Work instructions: Pictures in the material below are to be left out, and only the lines from the line with "清华大学:连续第三年位居全球第12名,蝉联亚洲高校榜首,稳居中国高校第一。" up to and including the line with "I quotidiani di" are to be written out exactly.
# # # #
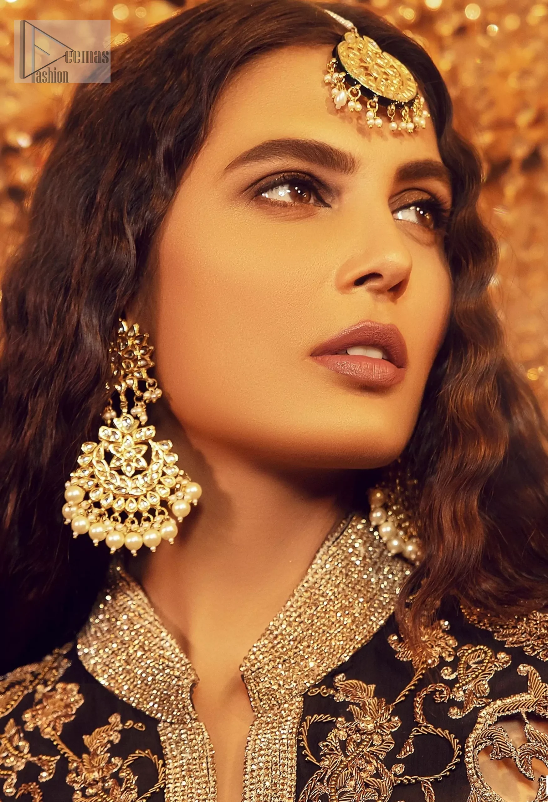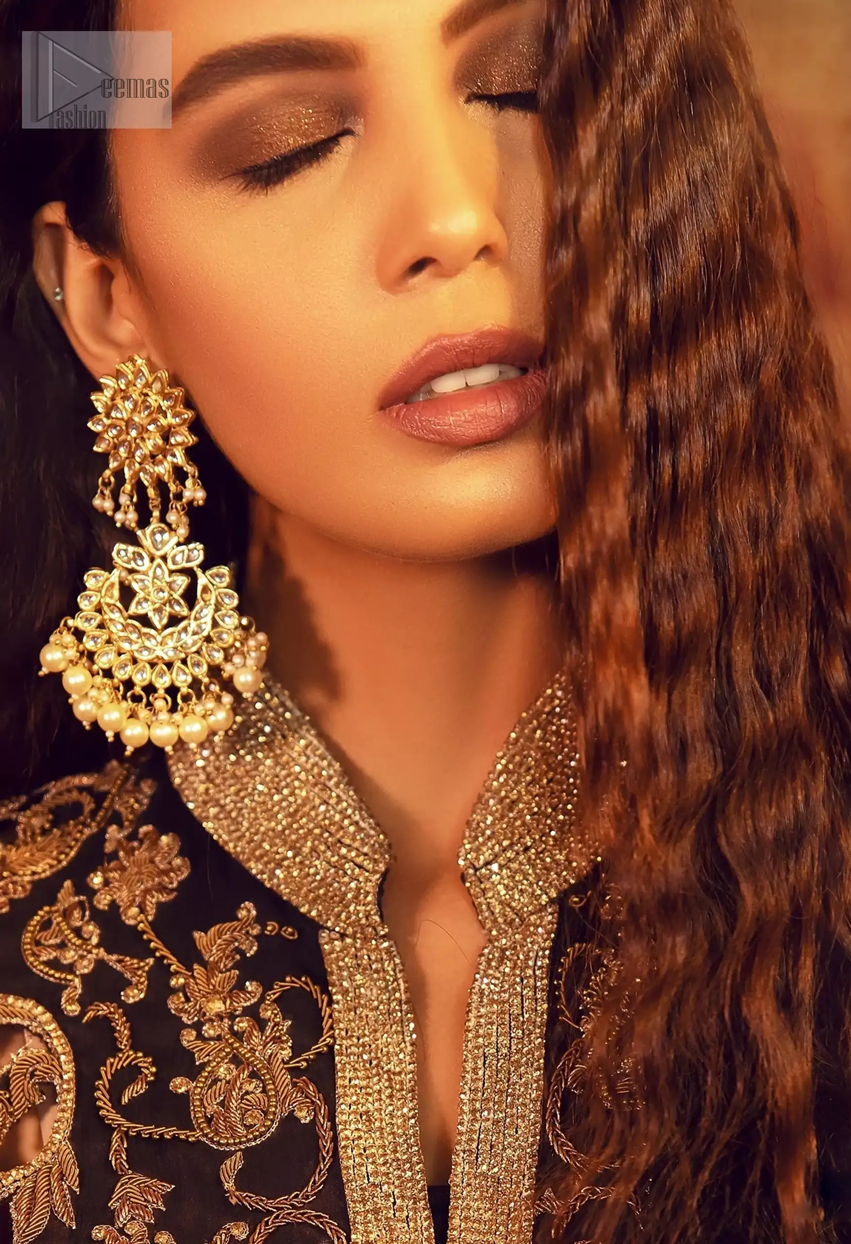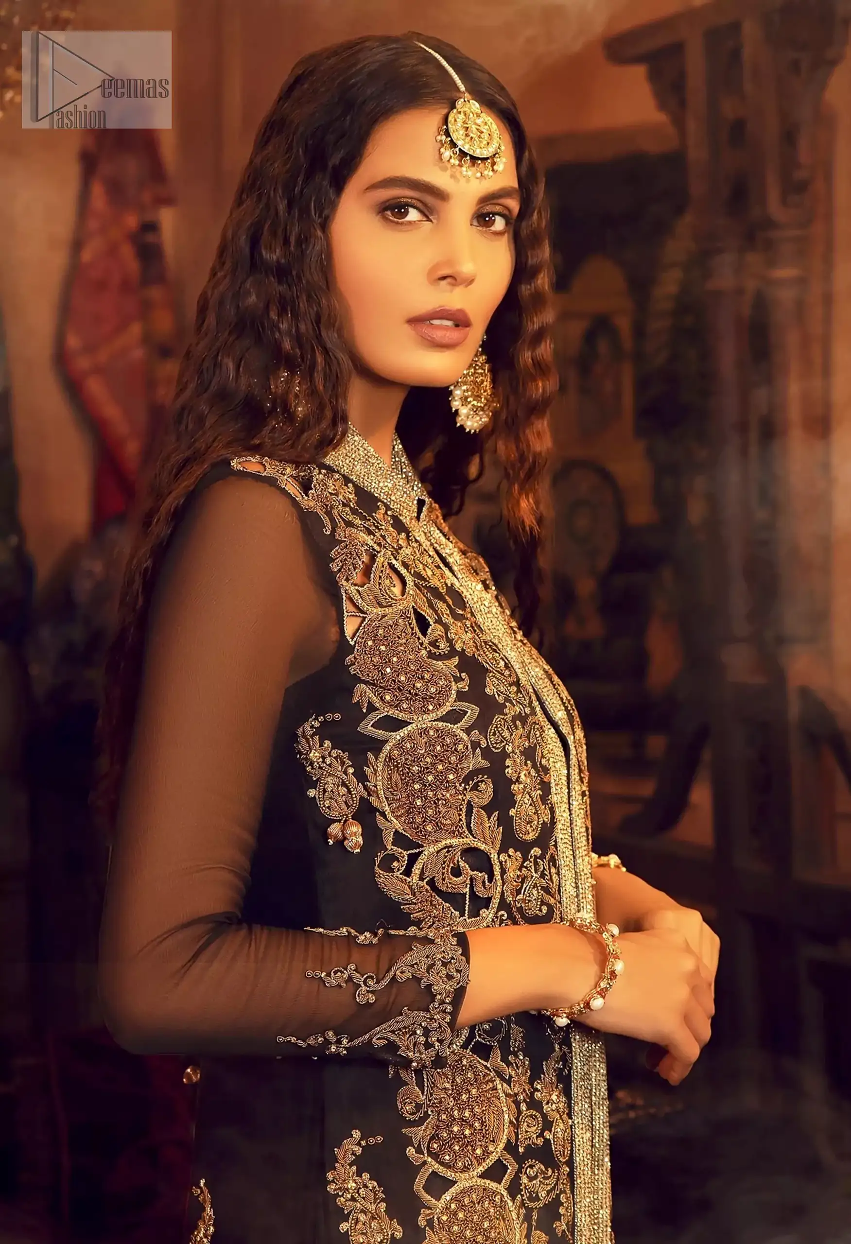 Make a bold statement with the Black Front Open Long Jacket Inner Shirt Trousers, where sophistication meets contemporary flair. The jacket’s collar, neck and open front design add a modern touch, while the antique embroidery and golden threadwork enhance the luxurious feel. This ensemble exudes confidence and elegance, paired with an inner shirt and trousers. Crafted from pure tissue silk and organza, this creation is perfect for a Pakistani party, blending modern style with classic luxury. You radiate power, grace, and an undeniable sense of poise with every step.
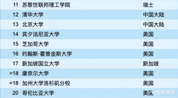 清华大学:连续第三年位居全球第12名,蝉联亚洲高校榜首,稳居中国高校第一。
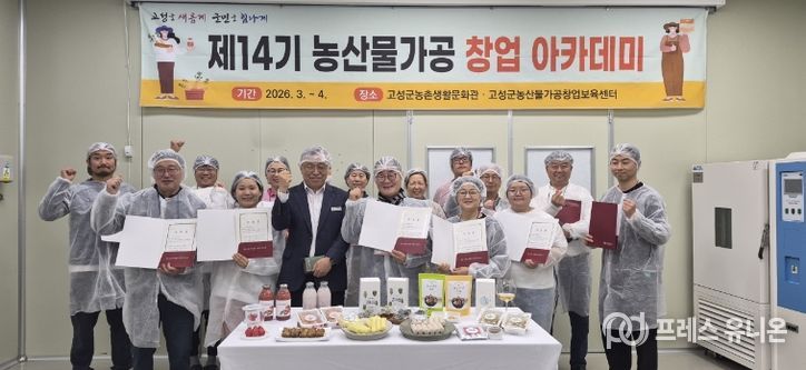 한편 고성군은 수료생을 대상으로 마케팅 심화교육과 제품개발반 운영 등 후속 지원 프로그램을 통해 농산물 가공 창업을 단계적으로 지원해 나갈 계획이다.
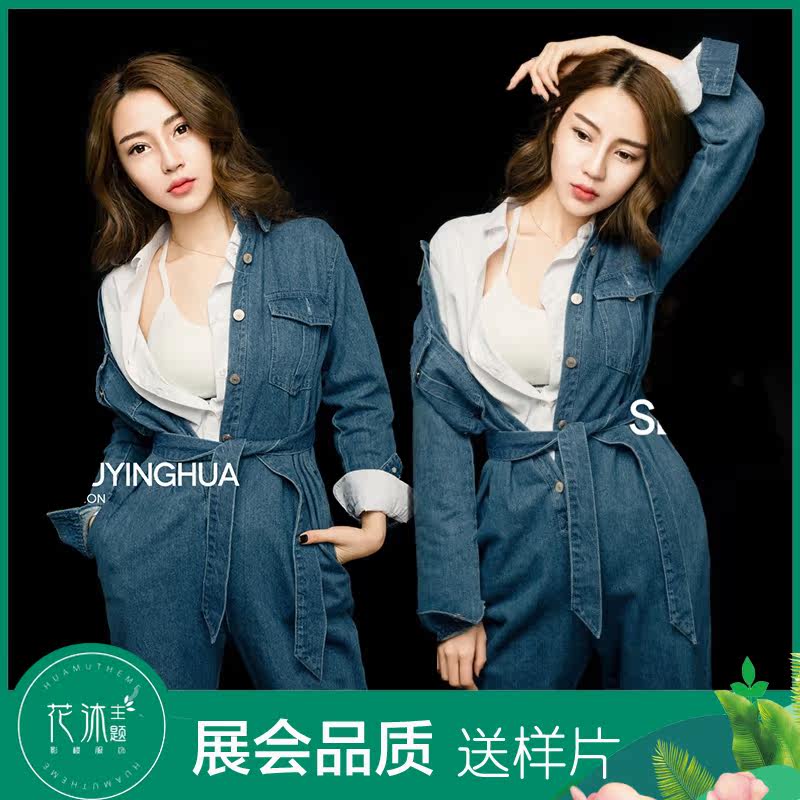 新款影楼主题服装时尚个性感牛仔连体衣艺术照拍照摄影服饰热门设计联盟服务商
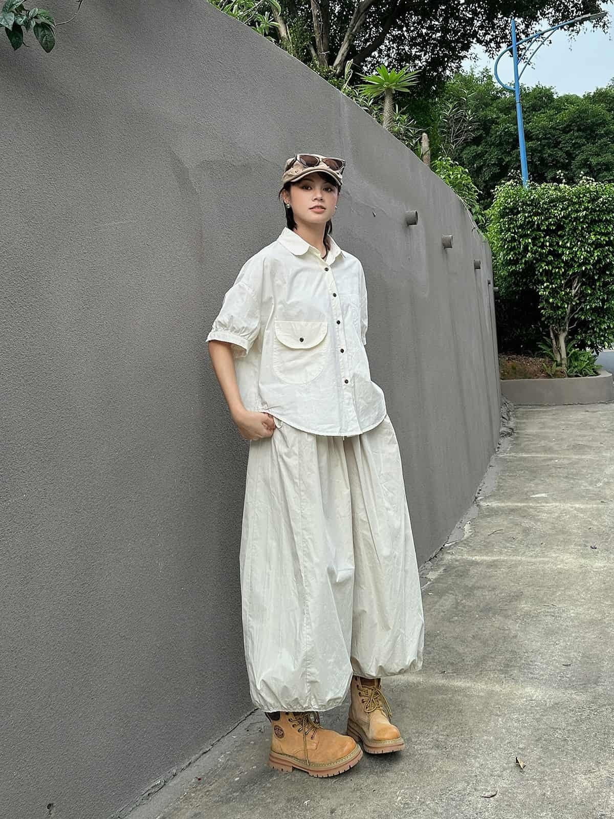 お腹周りをカバーしてくれるゆとりのあるシルエット。
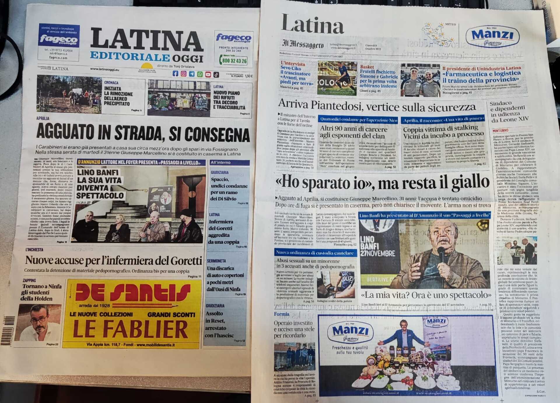 I quotidiani di Latina in un click – 9 ottobre 2025
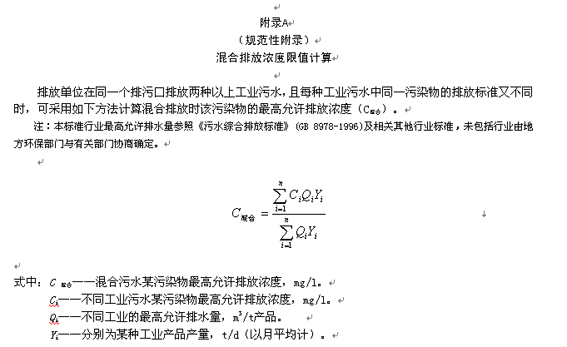 表2  第二類(lèi)污染物最高允許排放濃度  單位為毫克每升(pH、糞大腸菌群除外) 序號(hào)   | 污 染 物   | 重點(diǎn)保護(hù)區(qū)域   | 一般保護(hù)區(qū)域   |  1   | pH   | 6-9   | 6-9   |  2   | 色度(稀釋倍數(shù))   | 醫(yī)療機(jī)構(gòu)   | 30   | 30   |  其他排污單位   | 40   | 50   |  3   | 懸浮物(SS)   | 醫(yī)療機(jī)構(gòu)   | 30   | 30   |  其他排污單位   | 50   | 70   |  4   | 五日生化需氧量(BOD5)   | 20   | 20   |  5   | 化學(xué)需氧量(CODcr)   | 石油化工工業(yè)(包括石油煉制)、醫(yī)療機(jī)構(gòu)   | 60   | 60   |  啤酒工業(yè)   | 60   | 80   |  其他排污單位   | 60   | 100   |  6   | 石油類(lèi)   | 3   | 5   |  7   | 動(dòng)植物油   | 5   | 10   |  8   | 揮發(fā)酚   | 0.2   | 0.5   |  9   | 總氰化合物   | 0.2   | 0.5   |  10   | 硫化物   | 0.5   | 1.0   |  11   | 氨氮   | 10   | 15   |  12   | 氟化物   | 8   | 10   |  13   | 磷酸鹽(以P計(jì))   | 0.3   | 0.5   |  14   | 甲醛   | 0.5   | 1.0   |  15   | 苯胺類(lèi)   | 0.5   | 1.0   |  16   | 硝基苯類(lèi)   | 1.0   | 2.0   |  17   | 陰離子表面活性劑(LAS)   | 3.0   | 5.0   |  18   | 總銅   | 0.5   | 0.5   |  19   | 總鋅   | 2.0   | 2.0   |  20   | 總錳   | 1.0   | 2.0   |  21   | 彩色顯影劑   | 1.0   | 1.0   |  22   | 顯影劑及氧化物總量   | 3.0   | 3.0   |
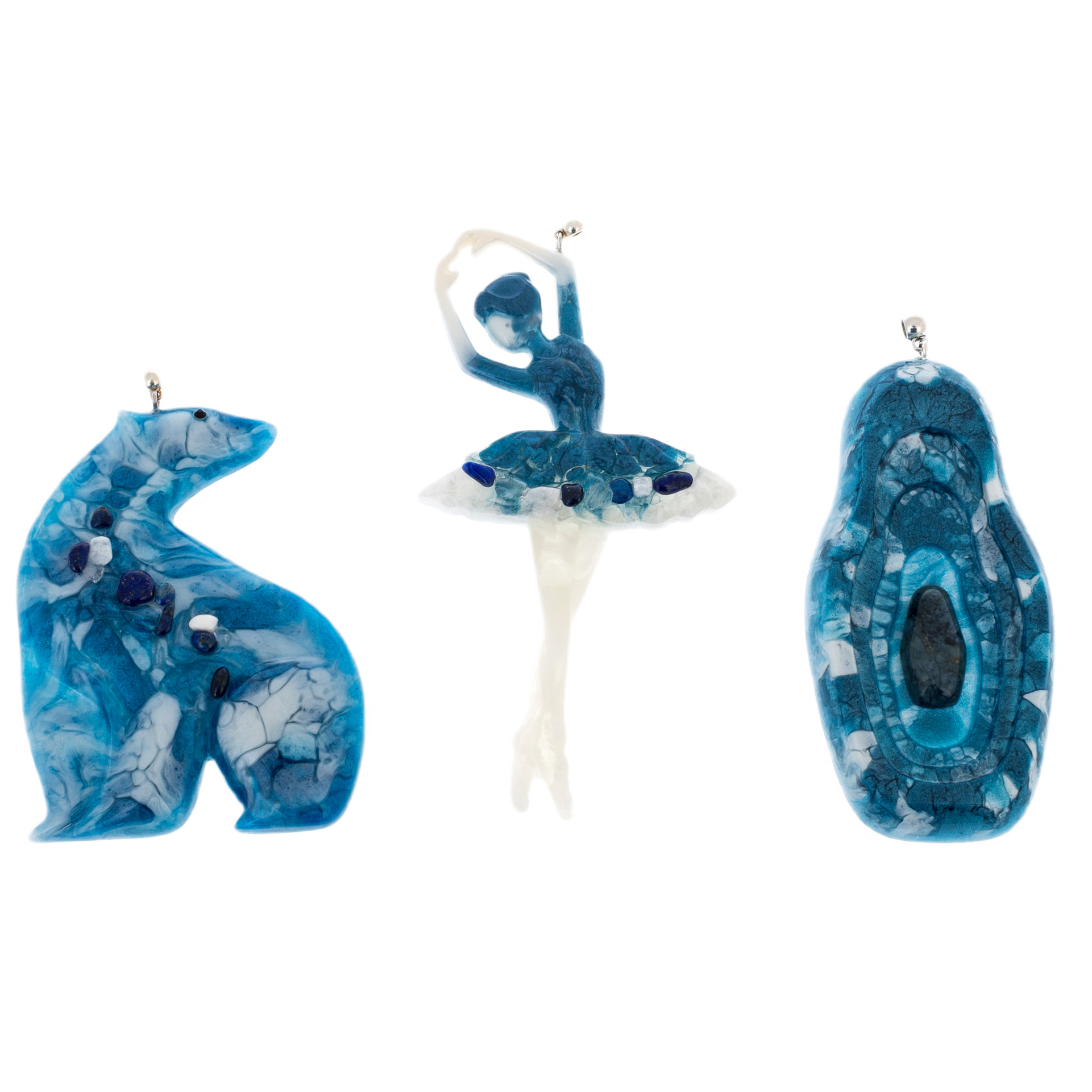 Набор елочных игрушек из содалита и смолы "Русский сет" 3 шт
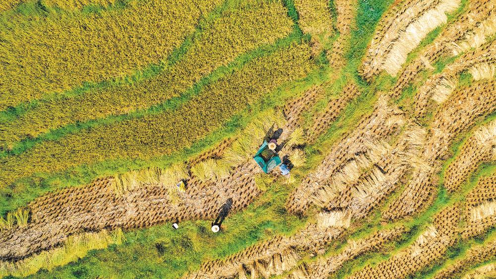 近日,德化县龙门滩镇霞碧村的梯田迎来水稻丰收季。村民们穿梭田间,割稻、打谷、装袋,忙碌身影中满是丰收喜悦。(许华森 林婉清 摄)
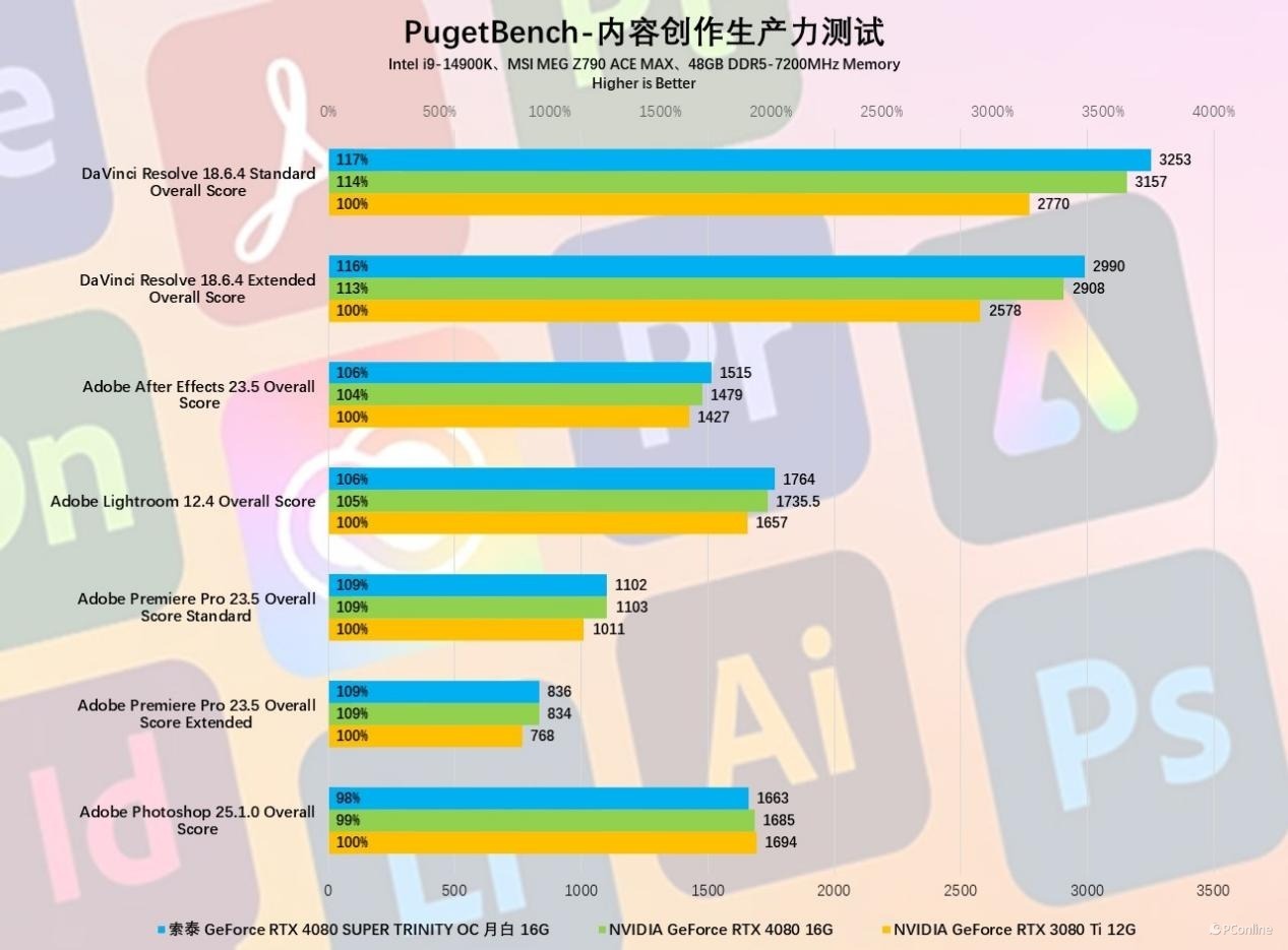 在Adobe或达芬奇等软件的Benchmark中,索泰RTX 4080 SUPER TRINITY OC月白的表现也毫不逊色,特别是在达芬奇里,因为有了AVI编解码的支持,索泰RTX 4080 SUPER TRINITY OC月白的性能相比RTX 3080 Ti足足提升了近20%,换装新显卡无疑能够大幅提升你的工作效率!
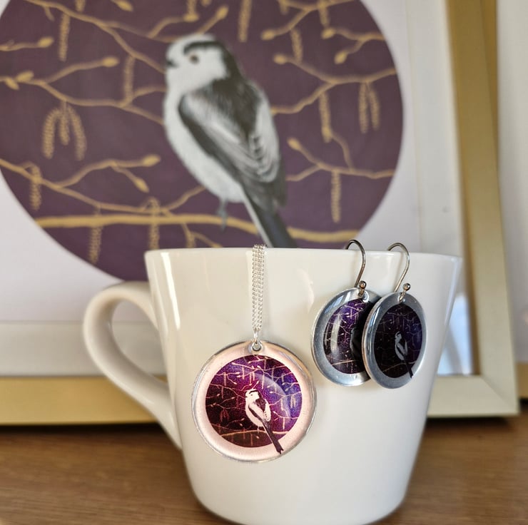 Aluminium and Sterling Silver pendant, approximately 31mm in diameter. The disc is made from aluminium and has had a print of an original artwork by Hannah MacIver transferred on to it, and then sealed in UV resin. Sterling silver chain.
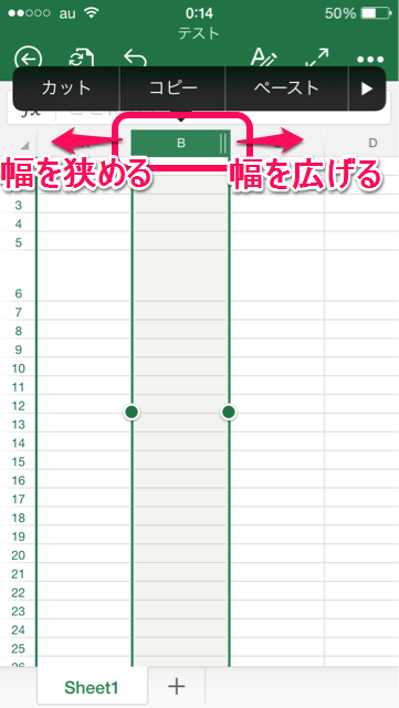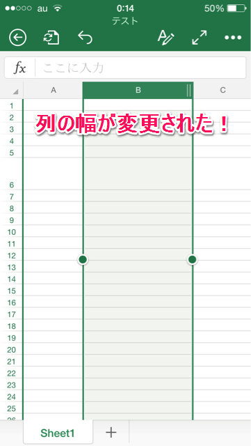 列の緑部分をロングタップしてドラッグすると列の幅を調整することができます。
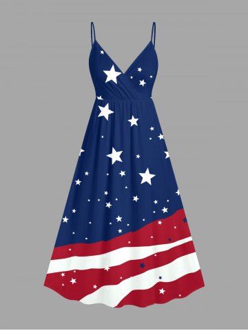 Plus Size Patriotic American Flag Stars Print Surplice A Line Cami Dress - DEEP BLUE - 5X
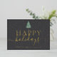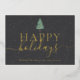 Modern elegant happy holidays Business Logo charcoal gray and gold foil holiday Greeting Card with a stylish Minimalist Watercolor snowy Woodland christmas pine tree with festive lights and whimsical Gold Foil Script
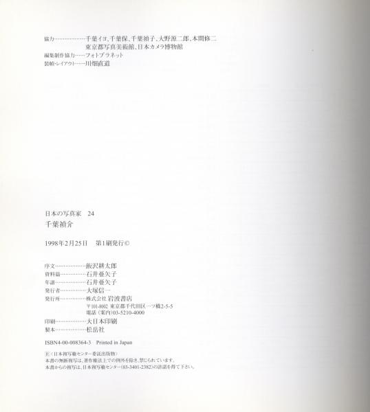 岩波書店発行の日本の写真家シリーズの24回目は千葉禎介です。
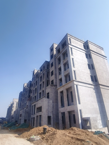 9#樓外墻真石漆完成,正在施工樓梯踏步磚。
# # # #
Result for this task:
 清华大学:连续第三年位居全球第12名,蝉联亚洲高校榜首,稳居中国高校第一。
 한편 고성군은 수료생을 대상으로 마케팅 심화교육과 제품개발반 운영 등 후속 지원 프로그램을 통해 농산물 가공 창업을 단계적으로 지원해 나갈 계획이다.
 新款影楼主题服装时尚个性感牛仔连体衣艺术照拍照摄影服饰热门设计联盟服务商
 お腹周りをカバーしてくれるゆとりのあるシルエット。
 I quotidiani di Latina in un click – 9 ottobre 2025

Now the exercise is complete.